In a contactless power receiving unit shown in FIG. 12, power supply unit 8 includes AC power source 81, phase control circuit 82, and two power transmitting coils 83. Phase control circuit 82 is configured to divide an AC current provided from AC power source 81 into two current components having a phase difference of 90° from each other. The two components are respectively supplied to two power transmitting coils 83, which thereby cause magnetic fields Bx and By respectively, having a phase difference of 90° from each other. Two power transmitting coils 83 are arranged such that coil axes thereof are orthogonal to each other.
Meanwhile, power receiving unit 9 includes power receiving coil 91 and rectifier circuit 92. Power receiving coil 91 is configured to receive a parallel rotating magnetic field generated in power supply unit 8, and rectifier circuit 92 rectifies the AC power received by power receiving coil 91. The DC power outputted from rectifier circuit 92 is supplied to load 93.
Each of power transmitting coils 83 of power supply unit 8 is configured of multiple rows of conductor wires 14 running parallel on a plane as shown in FIG. 11A, and currents flow in the same direction in these conductor wires 14. With this configuration, a magnetic field is formed so as to surround each conductor wire 14 as shown in FIG. 11B, and magnetic fields of each conductor wire 14 counteract each other between two adjacent conductor wires 14. As a result, parallel magnetic fields are formed to be parallel to a plane in which multiple conductor wires 14 are arranged, as shown in FIG. 1C.
Thereafter, two power transmitting coils 83 are arranged orthogonal to each other, while currents are supplied to two power transmitting coils 83 with 90° phase difference. In this way, the two parallel magnetic fields formed by power transmitting coils 83 are synthesized with each other to form a parallel rotating magnetic field that rotates on the aforementioned plane.
Above-mentioned power supply unit 8 is included in charging pad 80 shown in each of FIGS. 13A and 13B, for example. When power receiving unit 9 is placed on charging pad 80, parallel rotating magnetic field B generated by power supply unit 8 acts upon power receiving coil 91, so that induced electromotive force is generated in this power receiving coil 91. Here, parallel rotating magnetic field B rotates within a plane parallel to charging pad 80. Accordingly, even if power receiving coil 91a is placed on charging pad 80 so as to be rotated by an angle θ, the magnetic field B eventually acts perpendicularly upon power receiving coil 91a by rotation as shown in FIG. 13B. Hence, power can be received regardless of the orientation that power receiving coil 91 is placed.
However, this type of charging unit requires phase control circuit 82 in power supply unit 8 as shown in FIG. 12. Phase control circuit 82 is configured of multiple active circuit elements, which leads to a problem of complication in the circuit configuration.
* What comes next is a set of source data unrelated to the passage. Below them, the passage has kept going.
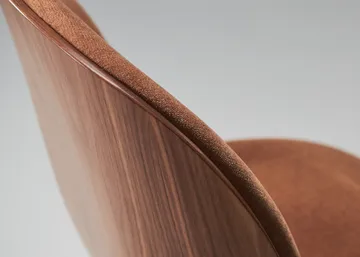 Beetle forsidekledd stol valnøtt fra Gubi er designet av designduoen GamFratesi. Denne varianten av den populære Beetle-stolen har et skall av valnøttfinér kombinert med et polstret sete og et slankt metallunderstell. Den billeinspirerte spisestolen har et elegant og moderne uttrykk som passer godt inn i den skandinaviske innredningsstilen.
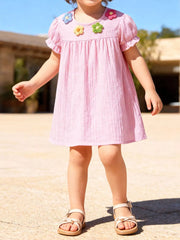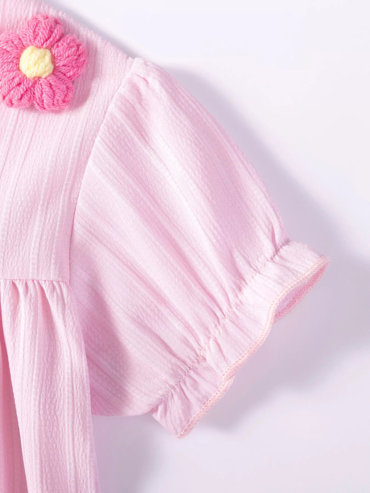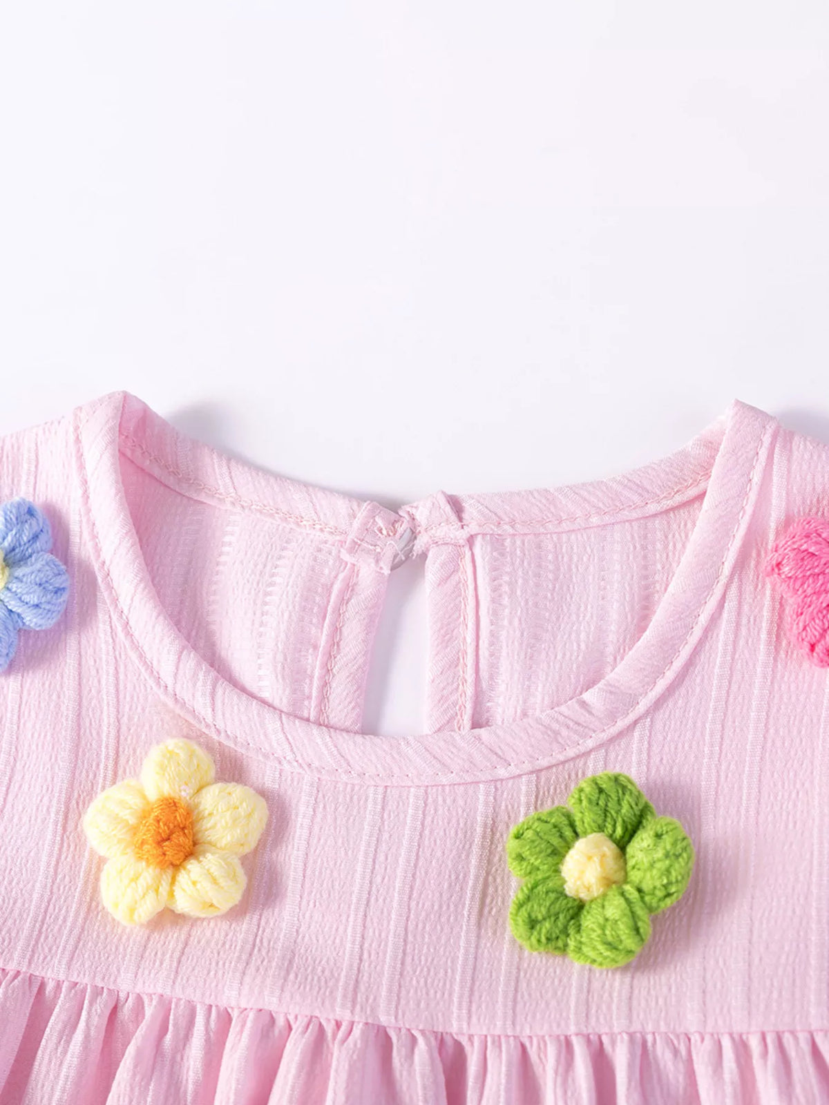 Children's Floral Ruffled Sleeve Dress - Blush Pink / 2Y
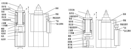 圖(tú)4為右頂尖軸係結構(gòu)示意圖,軸係采用高精度密珠軸承,由軸、軸套以及密集於(yú)兩者之間的具有過(guò)盈配合的滾珠組成。滾珠安放於保持架中,程螺旋線分布,保證(zhèng)了右頂尖軸做旋(xuán)轉運動時的跳動值。端麵保持環為是精密軸係沿著軸向方(fāng)向的兩個支撐點,相當於推力軸承(chéng)作用。止退圈、十字墊圈及螺套配(pèi)合作用,構成軸(zhóu)向定(dìng)位與緊固。選用(yòng)控製(zhì)精度高的交流伺服電機通過連軸器驅動右頂尖軸係(xì)回轉,電機緊固在電機座上,電機座固定在軸套上。軸(zhóu)套固定在滑板上,整(zhěng)個軸係固定在滑板上。氣缸缸體固定在基座上,氣缸活塞與(yǔ)滑板(bǎn)連接,實現軸係(xì)沿軸線y方向的位移(yí)。
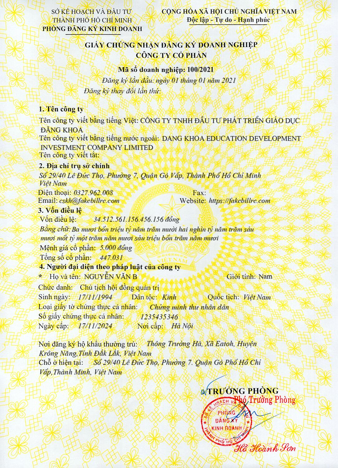 Nhập thông tin tạo Giấy Chứng Nhận Doanh Nghiệp
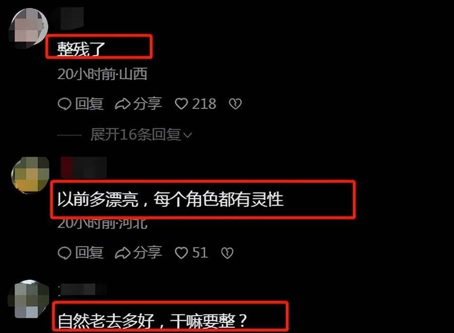 牛莉的這條動態發出后,得到了許多網友的關注,有不少人在評論區發表感嘆,表示牛莉外貌與年輕時變化真的很大,沒有了之前的靈性,稱她是整容整殘了。
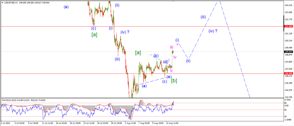Watch for wave ‘v’ to complete wave (i) with another small push above 149.50.
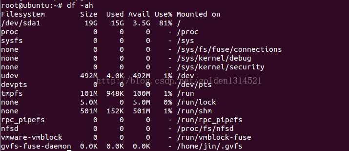 root@ubuntu:/# df -h Filesystem Size Used Avail Use% Mounted on /dev/sda1 19G 16G 2.2G 88% / udev 492M 4.0K 492M 1% /dev tmpfs 101M 968K 100M 1% /run none 5.0M 0 5.0M 0% /run/lock none 501M 152K 501M 1% /run/shm /dev/sdb1 20G 1.9G 17G 11% /storehouse
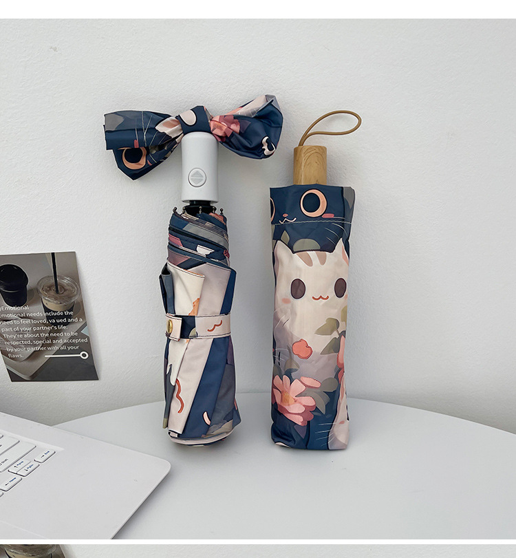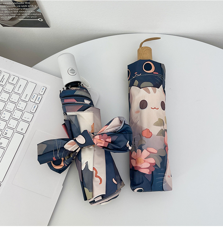 夢幻かわいい猫自動折り畳み傘晴雨両用日焼け止め紫外線防止パラソル女性携帯日傘

Moreover, in the case where power receiving coil 91 of power receiving unit rotates by an angle θ, the phase of the amplitude of the voltage induced to power receiving coil 91a is delayed (or preceded, depending on conditions) by θ, as shown by a broken line in FIG. 14. This causes a problem of a difference in charged amounts at arbitrary time points, due to a difference in the amount of induced voltages at the arbitrary time points, depending on the orientation of power receiving coil 91a.